[Source records]
>>>>>

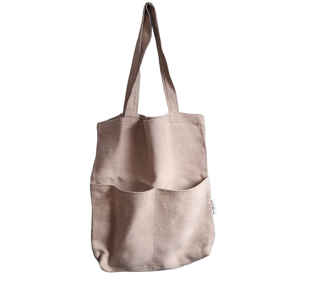 Jednovrstvová taška z ľanového plátna, na prednej strane s vreckami.
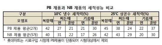 PB 제품의 NB 제품의 평균 세척력을 비교한 결과 PB 제품이 세척성능에서 NB제품에 뒤쳐지지 않는 것으로 드러났다. 오히려 복합때와 기름때에 대한 세척력은 PB 제품이 NB 제품보다 우수했다.
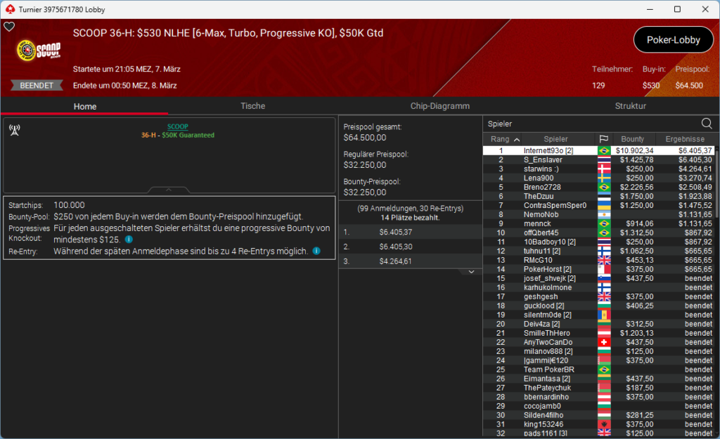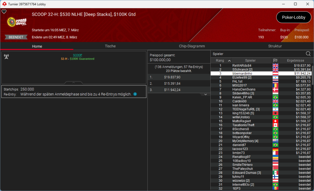 bbernardinho kam beim $530 NLH Deepstacks (32-H) auf Rang 3 und kassierte $11.942. Alexandre „ReWARds84“ Reard, der schon beim $530 Thursday Thrill (#27-M) für $22.217 + $22.298 erfolgreich war, holte auch hier Gold und $19.837. Keep3r musste sich beim $530 5-Card PLO8 mit Silber ($10.000) begnügen.
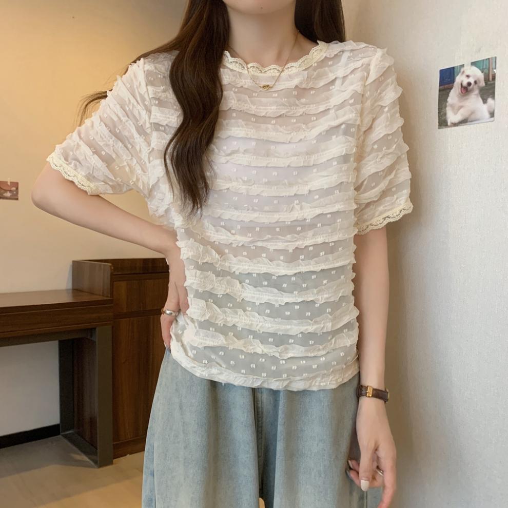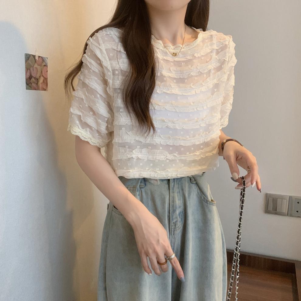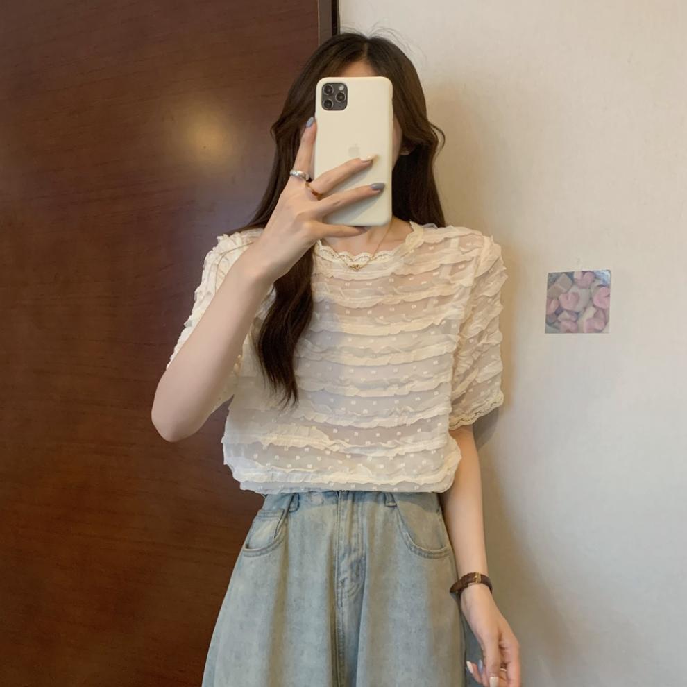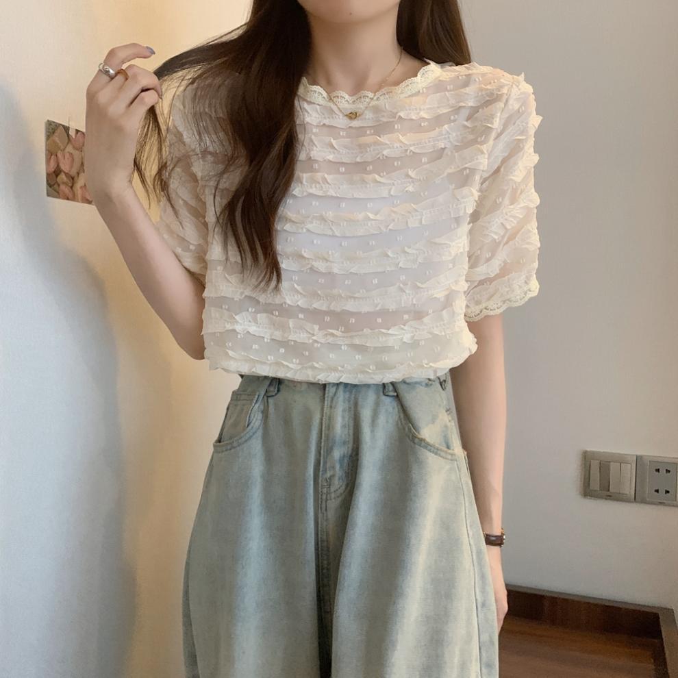 플러스 사이즈 여성 의류, 슈퍼 요정, 달콤한 레이스, 쉬폰, 시크한 퍼프 슬리브, 패셔너블한 셔츠의 실제 사진스토어 가기
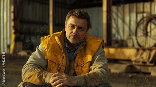 A man, wearing a yellow vest, poses in front of a warehouse and looks straight into the camera.
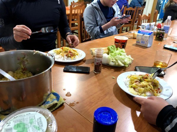 It was now time to eat! Our Creole Cabbage dish was ready. When you are cooking in a hostel, you have to share the kitchen with everyone. So you are working around everyone else. But everyone is so good about sharing things and not using things too long.
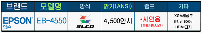 4500¾È½Ã(5000¾È½Ã±Þ) EPSON EB-4550 - ½Ã¿¬¿ë Á¦Ç° ÀÔ´Ï´Ù.
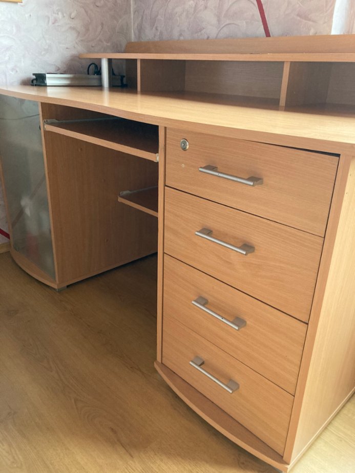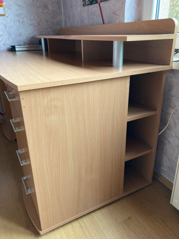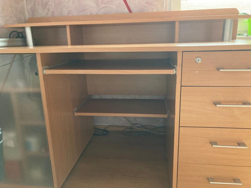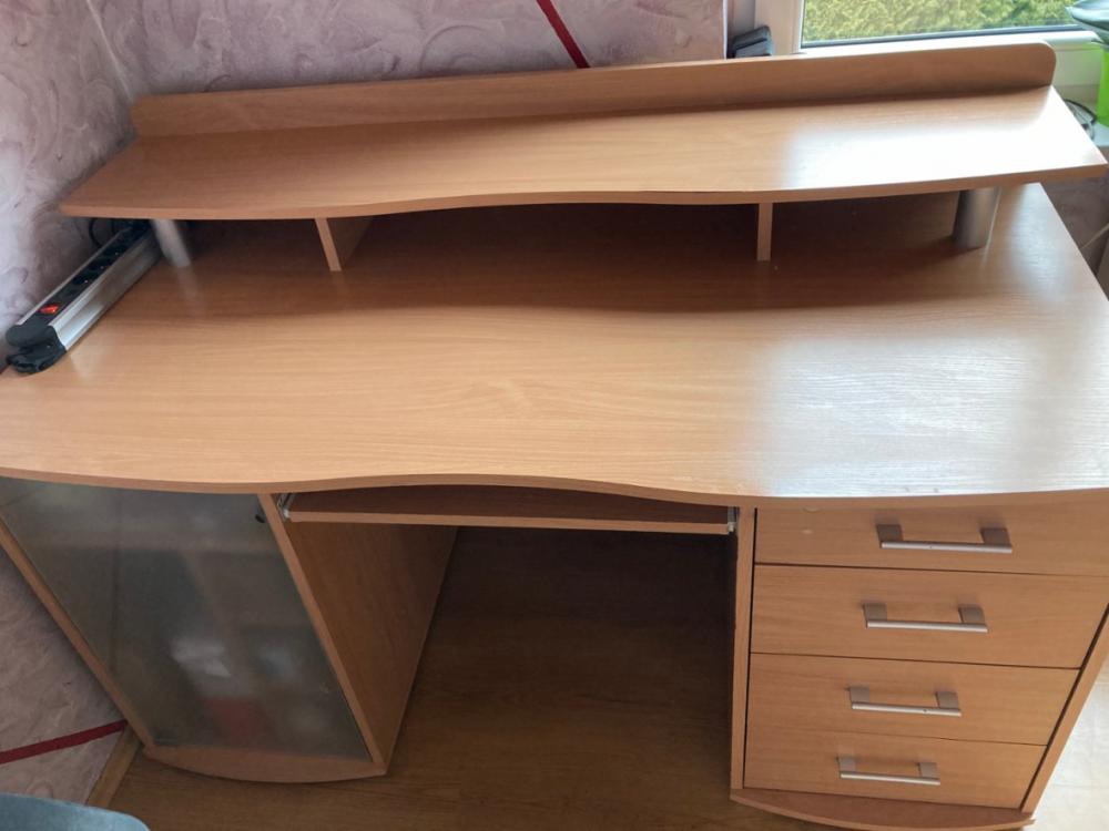 Psací stůl s úložnými přihrádkami. Vyroben v dekoru dub. Výsuv pro klávesnici, na tiskárnu a jiné… Používané, sloužící 3 roky, nezničený, připravený pro další zájemce do domácnosti. Širé plochy 75cm. Výška plochy 74cm + s poličkou 94cm . Délka plochy 150cm. Osobní odběr - při rychlém jednání sleva.
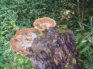 雑木林の切り株に30センチを超える大きな菌が発生していました。 Polyporaceae Sep 5, 1999, Naganuma, Hachioji
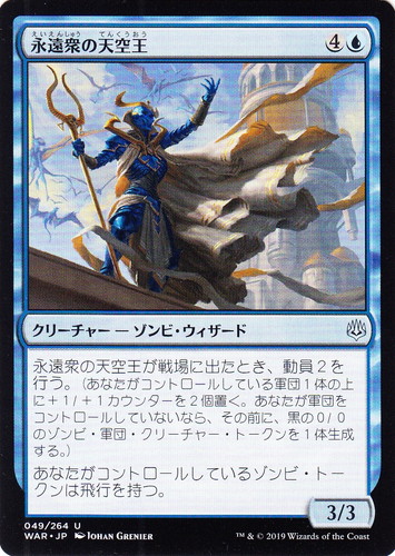 ![]() ![]() | WAR 049 永遠衆の天空王 クリーチャー 灯争大戦 U 色:青 サブタイプ:ゾンビ・ウィザード マナコスト:(4)(青) パワー:3 タフネス:3 永遠衆の天空王が戦場に出たとき、動員2を行う。(あなたがコントロールしている軍団1体に+1/+1カウンターを2個置く。あなたが軍団をコントロールしていないなら、その前に、黒の0/0のゾンビ・軍団・クリーチャー・トークンを1体生成する。) あなたがコントロールしているゾンビ・トークンは飛行を持つ。 illust:JOHAN GRENIER |

<<<<<

What you need to produce is an exact copy of the entries above, limited to the lines from the one with "PB 제품의 NB 제품의" up to and including the one with "4500¾È½Ã(5000¾È½Ã±Þ) EPSON EB-4550", without pictures.

■ **Exercise result**:
 PB 제품의 NB 제품의 평균 세척력을 비교한 결과 PB 제품이 세척성능에서 NB제품에 뒤쳐지지 않는 것으로 드러났다. 오히려 복합때와 기름때에 대한 세척력은 PB 제품이 NB 제품보다 우수했다.
 bbernardinho kam beim $530 NLH Deepstacks (32-H) auf Rang 3 und kassierte $11.942. Alexandre „ReWARds84“ Reard, der schon beim $530 Thursday Thrill (#27-M) für $22.217 + $22.298 erfolgreich war, holte auch hier Gold und $19.837. Keep3r musste sich beim $530 5-Card PLO8 mit Silber ($10.000) begnügen.
 플러스 사이즈 여성 의류, 슈퍼 요정, 달콤한 레이스, 쉬폰, 시크한 퍼프 슬리브, 패셔너블한 셔츠의 실제 사진스토어 가기
 A man, wearing a yellow vest, poses in front of a warehouse and looks straight into the camera.
 It was now time to eat! Our Creole Cabbage dish was ready. When you are cooking in a hostel, you have to share the kitchen with everyone. So you are working around everyone else. But everyone is so good about sharing things and not using things too long.
 4500¾È½Ã(5000¾È½Ã±Þ) EPSON EB-4550 - ½Ã¿¬¿ë Á¦Ç° ÀÔ´Ï´Ù.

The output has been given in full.